Contact:
The HathiTrust Research Center (HTRC) enables computational analysis of the HathiTrust corpus. It is a collaborative research center launched jointly by Indiana University and the University of Illinois, along with HathiTrust, to help meet the technical challenges researchers face when dealing with massive amounts of digital text. It develops cutting-edge software tools and cyberinfrastructure to enable advanced computational access to the growing digital record of human knowledge.

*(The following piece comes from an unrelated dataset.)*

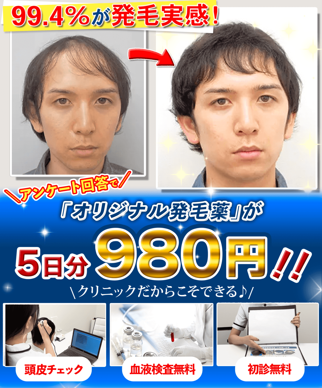 ※発毛実感率は2011年5月〜2013年1月の期間に治療を6ヶ月間継続した400名の患者様を対象に
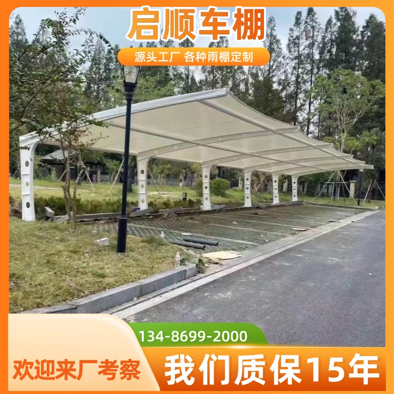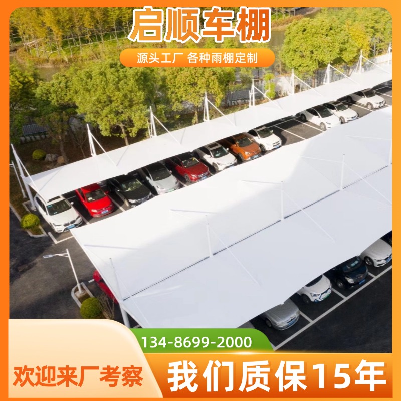 PVDF停车棚膜材钢结构车棚6米钢梁定做材料加工定做选启顺

HTRC has analytic tools to help you analyze text materials that have been gathered in the HathiTrust Digital Catalog. These materials do not need to be available for full-text viewing in order to be analyzed.
The HTRC requires a separate login process than the Digital Catalog to access their tools. Go to the center and use the same process for logging in as you have done in the Digital Catalog.
The HTRC requires a separate login process than the Digital Catalog to access their tools. Go to the center and use the same process for logging in as you have done in the Digital Catalog.
The following steps may be required:
If you already have a HathiTrust Research Center (HTRC) account, it is suggested that you migrate your data to a new account affiliated with the University of Arkansas. This will allow you some greater flexibility and privileges in using the HTRC.
When you log in with your institutional account, you will see the following dialogue box for you to a merge previous account to this one.
This will allow you to load any of your previous datasets and analyses
HTRC provides several out-of-the-box tools to help you analyze your text collections. These are found in the algorithm section of the website.
The InPho Topic Explorer trains multiple LDA topic models and allows you to export files containing the word-topic and topic-document distributions, along with an interactive visualization. Can be run on worksets of fewer than 3000 volumes, as long as the total size of the workset is less than 3 GB.
Generate a list of all of the names of people and places, as well as dates, times, percentages, and monetary terms, found in a workset. You can choose which entities you would like to extract. Can be run on worksets of fewer than 3000 volumes, as long as the total size of the workset is less than 3 GB.
Identify the tokens (words) that occur most often in a workset and the number of times they occur. Create a tag cloud visualization of the most frequently occurring words in a workset, where the size of the word is displayed in proportion to the number of times it occurred. Can be run on worksets of fewer than 3000 volumes, as long as the total size of the workset is less than 3 GB.
The HTRC Extracted Features Dataset v.2.0 is composed of page-level features for 17.1 million volumes in the HathiTrust Digital Library. This version contains non-consumptive features for both public-domain and in-copyright books.
Features include part-of-speech tagged term token counts, header/footer identification, marginal character counts, and much more.
Explore the following built sets:
Geographic Locations in English-Language Literature, 1701-2011
OR Work on your own using the Extracted Features Download Helper (v3.1) under Algorithms
The HTRC Data Capsule environment provides individual, secure computing environments to analyze content in the HathiTrust Digital Library. Researchers can create virtual machines (called Capsules) to which they can import and then analyze HathiTrust text data. Researchers can only perform computational analysis within the secure Data Capsule environment and then export the results of their analysis. Data products leaving a Capsule must undergo results review prior to release to ensure they meet the HTRC's policy for non-consumptive data exports.
Capsules are Ubuntu virtual machines with increased security settings. Researchers have the option to set certain parameters for their Capsule when they create it.Capsules come pre-loaded with standard data analysis programs and software.While Capsules come with standard tools pre-installed, ranging from Anaconda and R to Voyant Tools, and can be configured with sample public domain data already loaded for testing, any other data or tools the researcher plans to use will need to be brought into the Capsule by the researcher. A Capsule is an almost blank slate that can be customized for each researcher's needs!